When asked how they know each other for a recent interview with Center Theatre Group, the two braced themselves simultaneously with, “Well…” before chuckling at their unplanned synchronicity.
“We met—I think it was in The Hague,” said Mandell.
“We met in the Peacock in Dublin,” said McGovern, “back in 1980. You were doing Endgame.”
In that production, directed by Beckett, Mandell played Nagg—Hamm’s father, who resides in an ash bin. Mandell recalled his very first rehearsal in the role (which he has played on numerous occasions). The actor playing Nell, Nagg’s wife and fellow ash bin-dweller, was out. But rather than cancel rehearsal, Beckett decided to join Mandell onstage himself. “I was terrified at the time!” confessed Mandell. “He said, ‘We’ll pull up two chairs. I’ll do Nell and you do Nagg’…and there were all sorts of people there!”
If Mandell and McGovern still harbor any anxiety about performing Beckett’s work, they do not show it. McGovern quoted Beckett to explain why he’s not fazed by the challenges of playing Clov: “If people want to have headaches among the overtones, let them—and provide their own aspirin.” He added, “People often try to complicate things…Endgame is about leaving. It’s all about Clov, the servant of Hamm, wanting to leave—to get away. This is the day he is finally going to break this symbiotic relationship that they have. We’ll see—at the end—whether he leaves or not, but he’s always talking about leaving. ‘I’ll leave you.’ It’s about finishing and leaving. ‘Finished’ is the first word in the play.”
“The end is in the beginning, and yet you go on,” added Mandell by way of Beckett.
Beckett has a reputation in popular culture of being more than a little depressing and Endgame—which Beckett reportedly began working on soon after the death of his brother—is often thought to be his grimmest work.
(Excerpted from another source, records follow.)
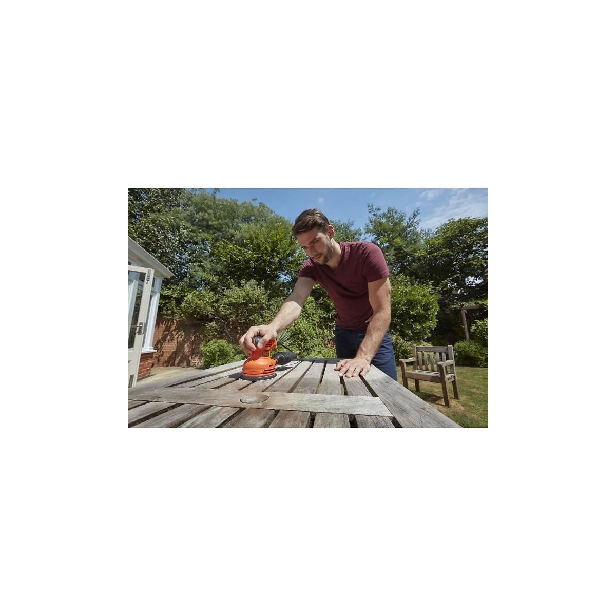 PONCEUSE EXCENTRIQUE 230 WATTS Revetement grip anti-dérapant, position confortable a l'horizontal et a la verticale, 1 vitesse 13 000 orbites/min, taille du plateau 125mm, diametre de l'orbite 3mm. Livrée avec un sac de collection des poussieres et 1 abrasif
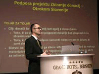 Slika s prireditve Zavoda Žiga Zois ob podelitvi knjig v skupni vrednosti 40 milijonov SIT slovenskim vrtcem in šolam, februar 2006.
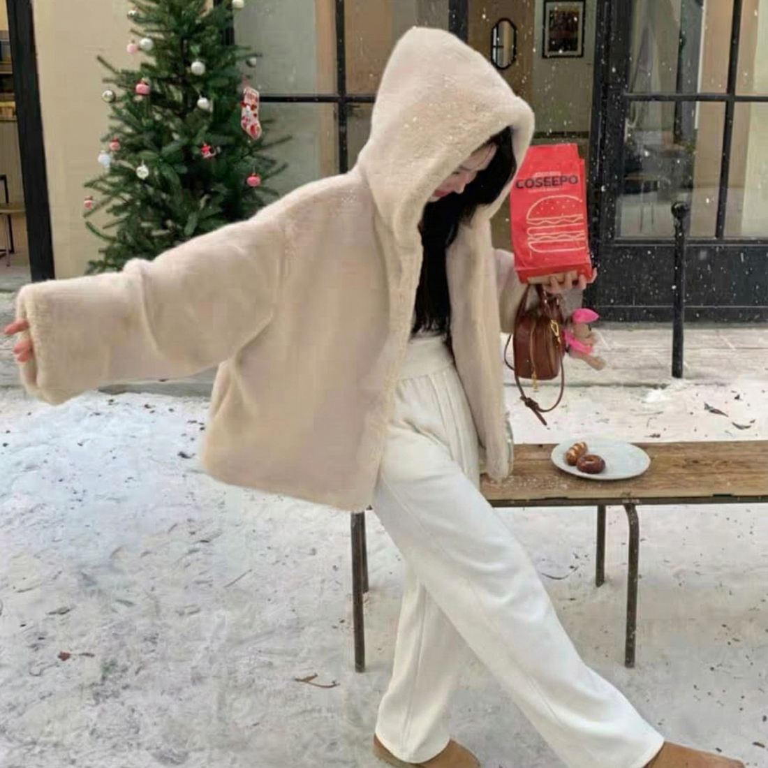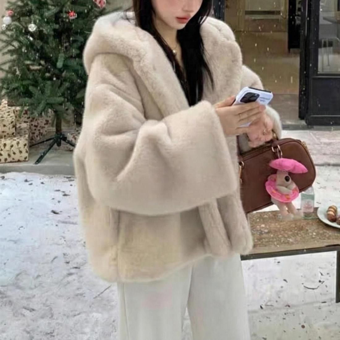 【早割12%OFF 12/22まで】Elegant Hooded Fur Coat
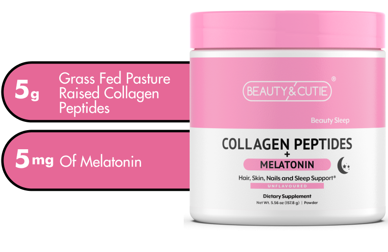 Beauty Sleep combines grass-fed collagen peptides with 5 mg of melatonin to support both overnight recovery and beauty benefits. It’s designed to help you fall asleep naturally while supporting skin, hair, and nails as you rest.
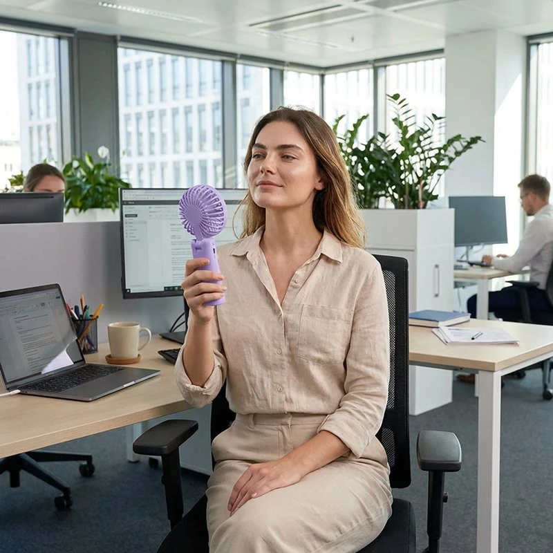 Genießen Sie lang anhaltende Frische dank des leistungsstarken Akkus im Inneren. Vergessen Sie häufiges Aufladen und bleiben Sie stundenlang angenehm kühl, ohne sich Sorgen machen zu müssen.

However, McGovern said that audiences should arrive at the Douglas ready to laugh. “It’s a very funny play. I mean, it’s a serious play and it’s a harrowing play in some ways. But it’s a very gripping play,” he said. “It’s about everyone who is in a relationship. And any relationship, as we all know—however good it is—has its fraught moments, to put it mildly.”
So what about Mandell and McGovern’s relationship? After joking about how much they hate one another, McGovern confessed, “Alan is just an all-around nice guy...My admiration is boundless for this man.”
To which Mandell added, “I wouldn’t do Endgame without Barry. I mean, I just wanted the very best actor and someone of great intelligence to work with—and that’s him.”